We had 135 full-time employees as of February 27, 2024. As we continue development and pursue the potential commercialization of seralutinib, as well as function as a public company, we may need to expand our financial, development, regulatory, manufacturing, marketing and sales capabilities or contract with third parties to provide these capabilities for us. If our operations expand, we expect that we will need to manage additional relationships with various strategic partners, suppliers and other third parties. Our future financial performance and our ability to develop and commercialize seralutinib and to compete effectively will depend, in part, on our ability to manage any future growth effectively.
Corporate Activity and Growth - Risk 3
We may engage in strategic transactions that could impact our liquidity, increase our expenses and present significant distractions to our management.
From time to time, we may consider strategic transactions, such as acquisitions of companies, asset purchases and out-licensing or in-licensing of intellectual property, products or technologies, similar to our approach in in-licensing seralutinib. Any future transactions could increase our near and long-term expenditures, result in potentially dilutive issuances of our equity securities, including our common stock, or the incurrence of debt, contingent liabilities, amortization expenses or acquired in process research and development expenses, any of which could affect our financial condition, liquidity and results of operations. Additional potential transactions that we may consider in the future include a variety of business arrangements, including spin-offs, strategic partnerships, joint ventures, restructurings, divestitures, business combinations and investments. Future acquisitions may also require us to obtain additional financing, which may not be available on favorable terms or at all. These transactions may never be successful and may require significant time and attention of management. In addition, the integration of any business that we may acquire in the future may disrupt our existing business and may be a complex, risky and costly endeavor for which we may never realize the full benefits of the acquisition. Accordingly, although there can be no assurance that we will undertake or successfully complete any additional transactions of the nature described above, any additional transactions that we do complete could have a material adverse effect on our business, results of operations, financial condition and prospects.

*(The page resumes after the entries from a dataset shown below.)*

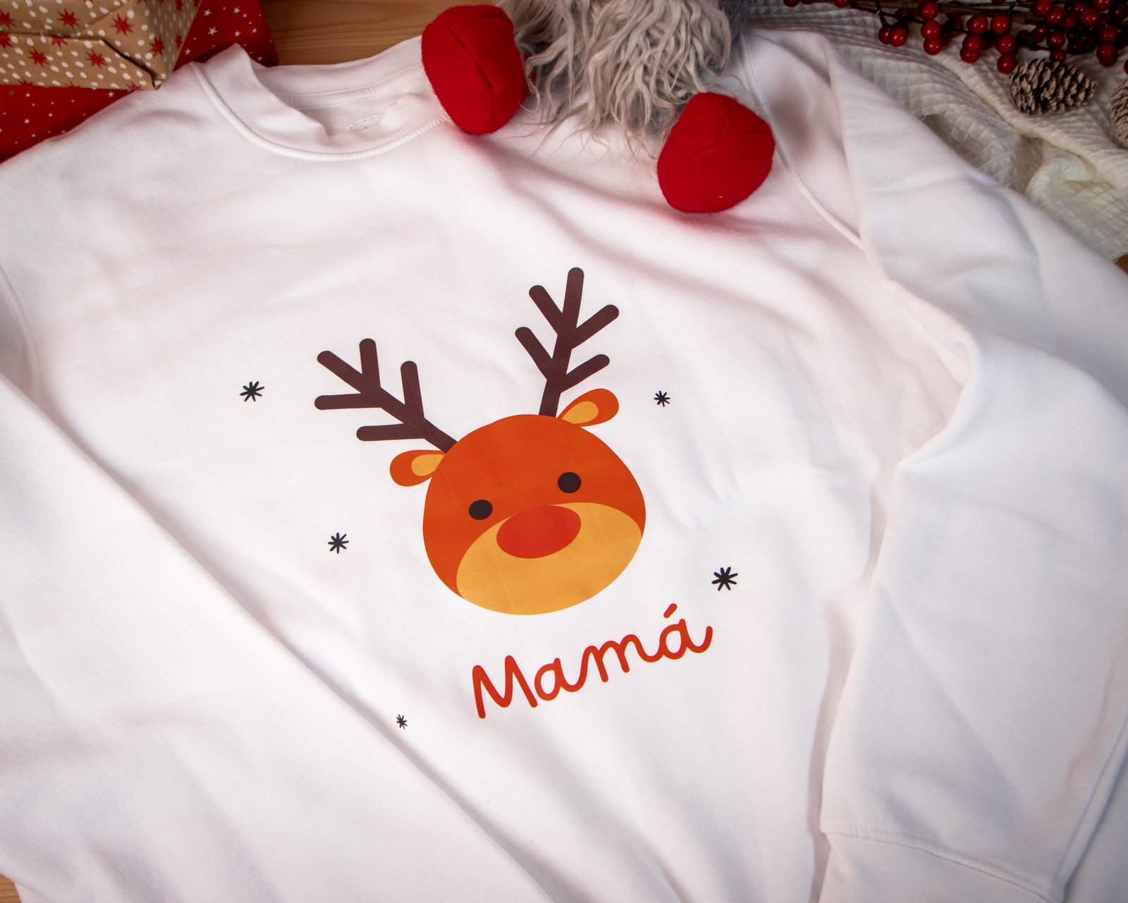 Esta sudadera personalizada es un detalle único o como regalo especial para otros miembros de la familia. Confeccionada en un material acogedor y resistente, es perfecta para usar tanto en reuniones navideñas como en días fríos de invierno. Su diseño con el reno navideño y el nombre personalizado la convierte en una prenda memorable que querrás llevar durante toda la temporada.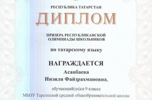 Наша ученица 9 класса Асанбаева Инзиля стала призером республиканской олимпиады по татарскому языку. Поздравляем ее и учителя Сулейманову Г.В. и желаем им дальнейших успехов.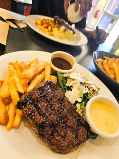 Salad had a lot to be desired!! My husband got 6 pieces of capsicum in his, I got NONE! Not a tomato in sight in either of the salads, since when does a garden salad not have tomato?? The meat.. well, talk about tough, grisly and just hard to cut, oh that's right, because we weren't given steak knives to start with, but even with the steak knives, it was still like cutting through leather.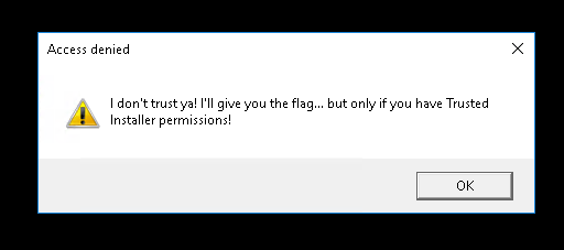 TrustMe.exeprogram on this Windows desktop “doesn’t trust me?”It says it will give me the flag, but only if I “have the permissions of Trusted Installer“…?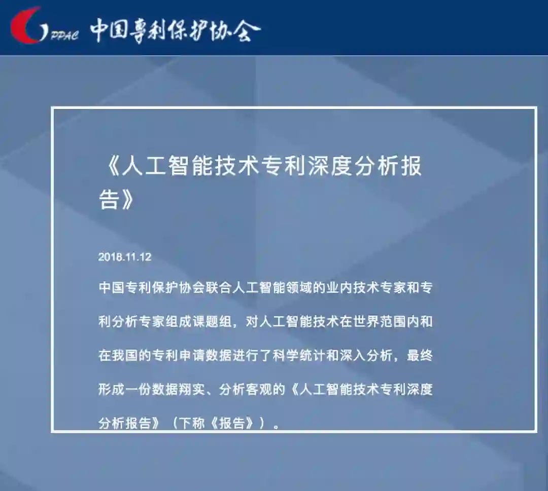 11月12日,中国专利保护协会发布《人工智能技术专利深度分析报告》,对人工智能技术在世界范围内和在我国的专利申请数据进行了科学统计和深入分析。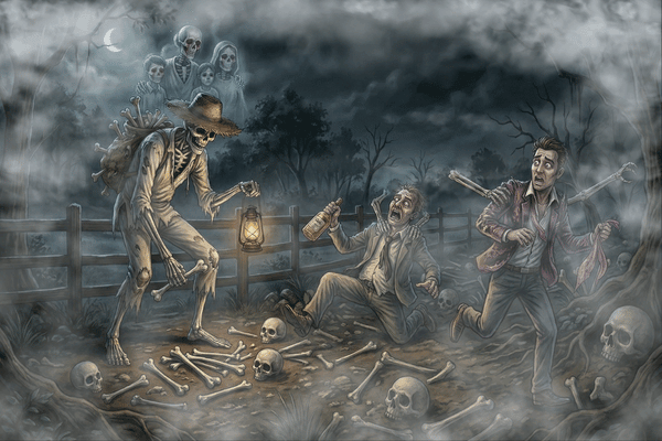 口笛を吹きながら永遠に彷徨い、家々を訪れては骨を数える怪物…。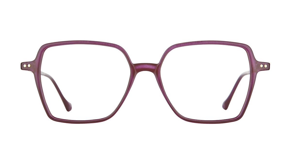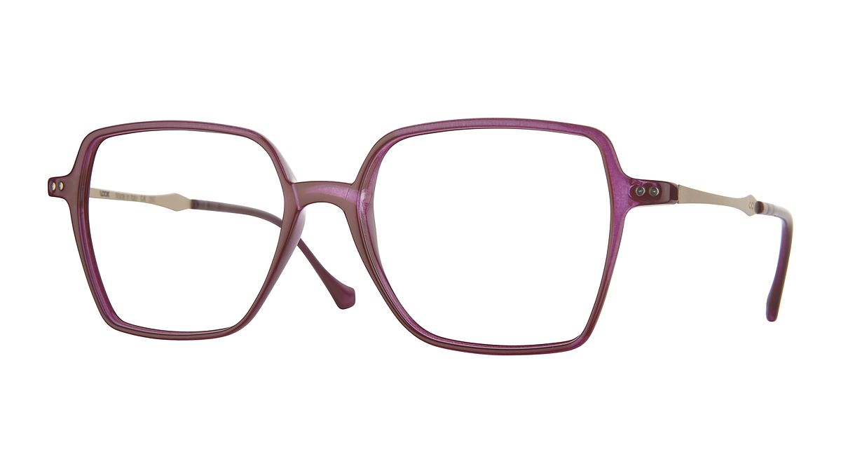 Farbe W6 - Glänzendes opalines pflaumenfarbenes Mittelteil, glänzende hellgoldene Bügel mit glänzenden opalinen pflaumenfarbenen Bügelenden.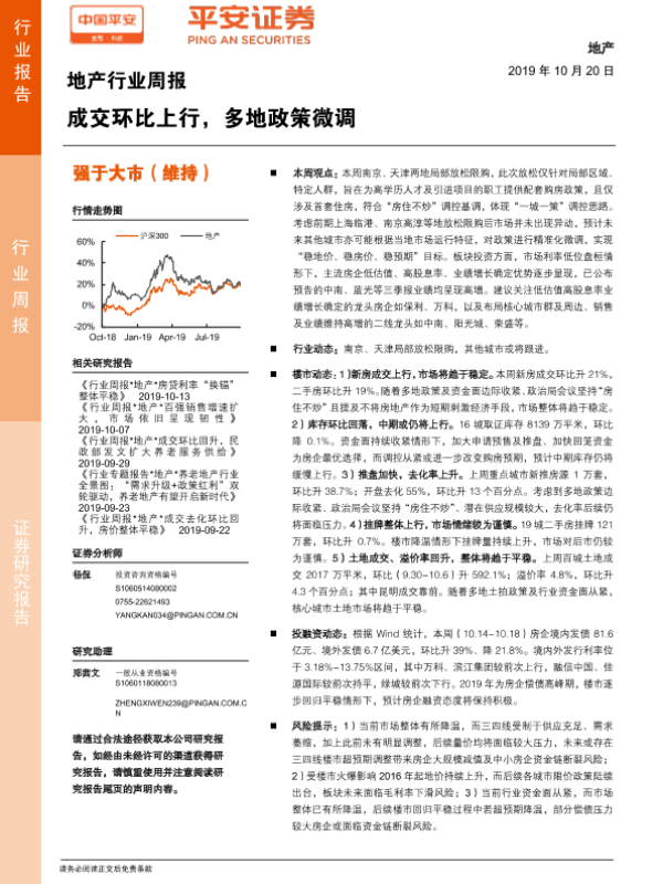 【平安证券】【20191020】地产行业周报:成交环比上行,多地政策微调-5页
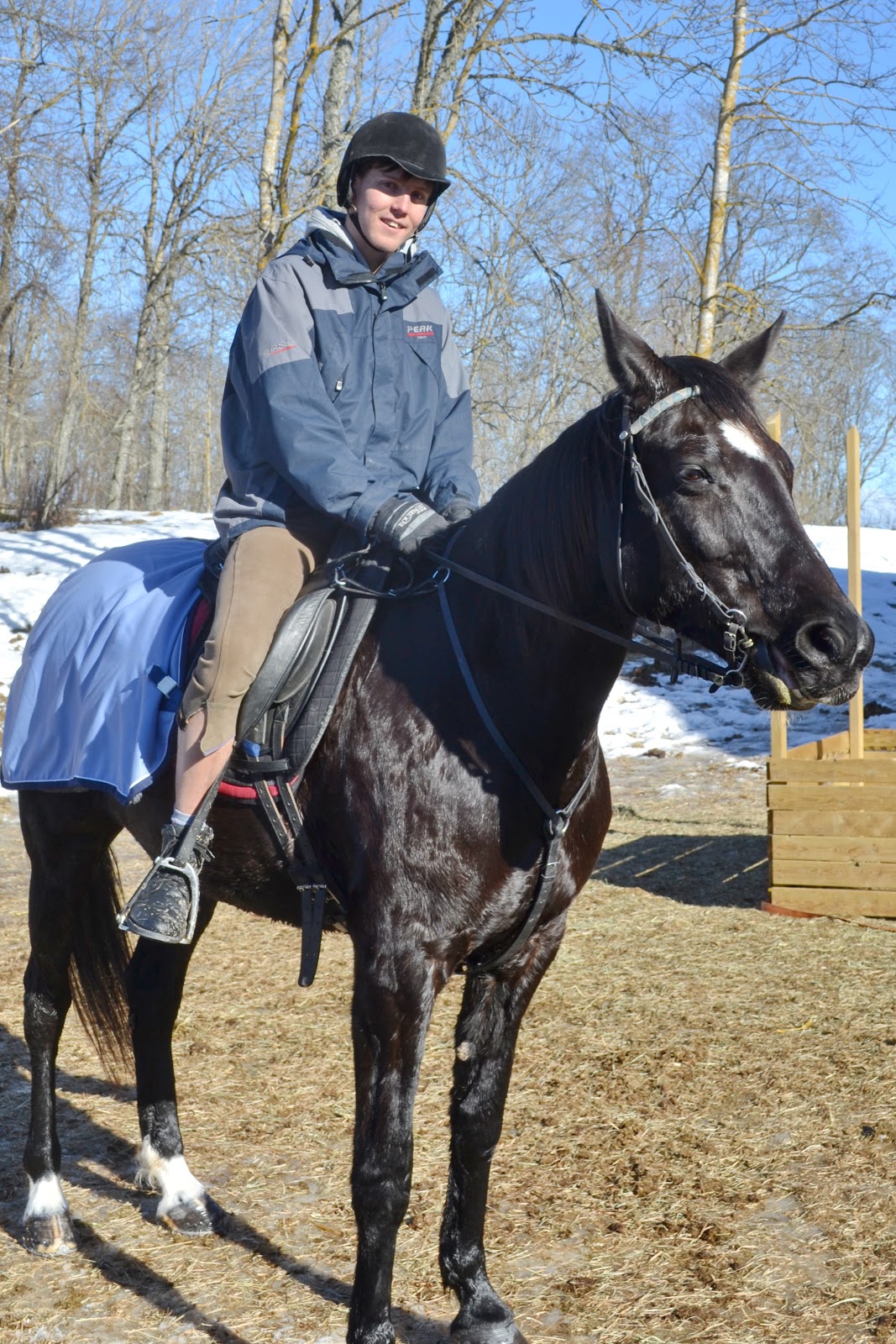 Today was a day when we tried to work Pepper with Björn. Some walking exercises that I thought worked well. Pepper wanted to chew a little bit, but otherwise it worked ok. Even if the ground at the arena was a bit icy I got on Peppers back and did some dressage – then we gave up because of the ground. While we did this Bunny carried around Tora, Björn’s daughter.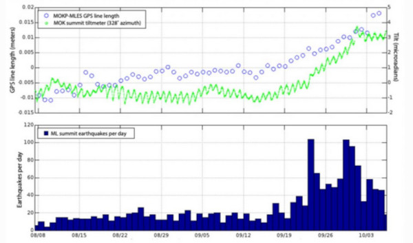 Graphiques montrant la déformation du sol (en haut) et la sismicité (en bas) sur le Mauna Loa entre le 8 août et le 5 octobre 2022 (Source: USGS / HVO)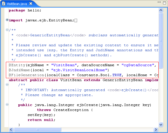Now you'll add code that defines two container-managed persistence (CMP) fields. CMP fields are "virtual" fields represented by columns in a data source, rather than variable definitions in this class. Using the accessors you'll add, VisitBean will get its data from the cgDataSource you specified above in the dataSourceName attribute. The annotations specify the details of the entity bean's correspondence to the data source row.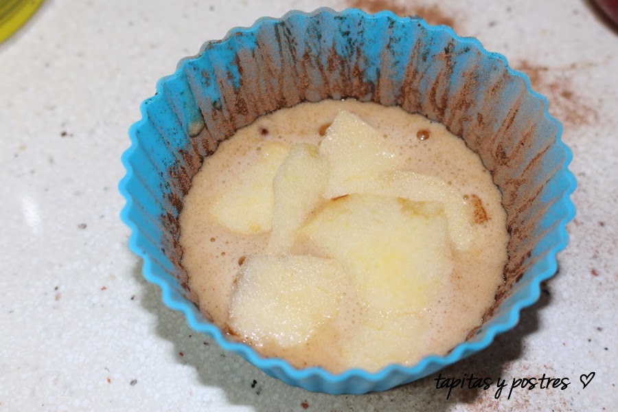 Vertemos la mezcla y si queremos añadimos algún ingrediente extra. Yo he puesto unos trocitos de manzana.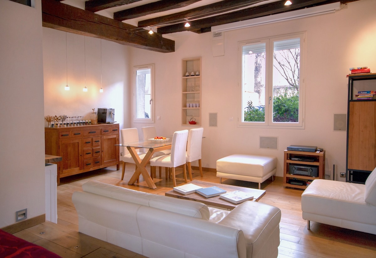 The "Jardin des Amandiers" is a rare apartment on the ground floor of an old 15th c. Manor of the Order of the Knights Templar. (not accessible to people with reduced mobility) It features a private parking, a great garden, a great living room, a great bed, a great freestanding bath, a great cinema screen... in the greatest calm right in the center of Tours.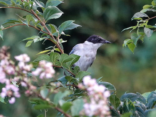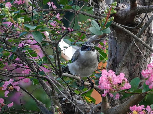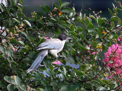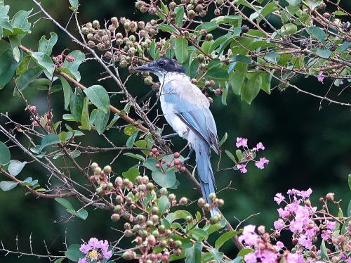 | オナガ[9月10日] 朝早いうちは街路樹のサルスベリに群れています。 | オナガ[9月10日] 胡麻塩頭なので若鳥でしょう。 | |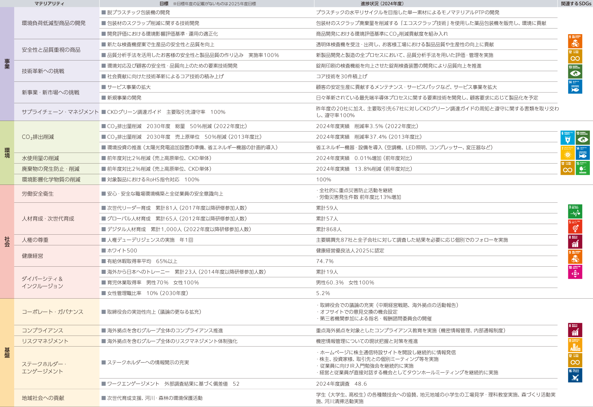 CKDグループは、Purposeの実現に向け、社会課題の解決を通じて社会とともに持続的に成長するためのマテリアリティ(重要課題)を特定しました。事業活動を通じてこれらの課題に取り組み、企業価値の向上に努めてまいります。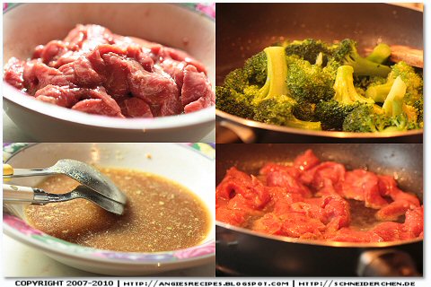 - Cut the beef across the grain into thin slices. Add in marinade and set aside for 20 minutes. Combine the ingredients of sauce in a bowl and set aside. Wash and drain the broccoli florets.

Corporate Activity and Growth - Risk 4
We may seek to enter into collaborations, licenses and other similar arrangements and may not be successful in doing so, and even if we are, we may not realize the benefits of such relationships.
We are currently seeking to enter into collaborations, joint ventures, licenses and other similar arrangements for the development or commercialization of our product candidates, due to capital costs required to develop or commercialize such product candidates or manufacturing constraints. We may not be successful in our efforts to establish or maintain such collaborations because third parties may not view our product candidates as having the requisite potential to demonstrate safety and efficacy or significant commercial opportunity. In addition, we face significant competition in seeking appropriate strategic partners, and the negotiation process can be time consuming and complex. Further, we may have to relinquish valuable rights to our future revenue streams, or grant licenses on terms on terms that may not be favorable to us, as part of any such arrangement, and such arrangements may restrict us from entering into additional agreements with potential collaborators. We cannot be certain that, following a strategic transaction or license, we will achieve an economic benefit that justifies such transaction.
Even if we are successful in our efforts to establish such collaborations, the terms that we agree upon may not be favorable to us, and we may not be able to maintain such collaborations if, for example, development or approval of seralutinib is delayed, the safety of seralutinib is questioned or sales of seralutinib, if approved, are unsatisfactory.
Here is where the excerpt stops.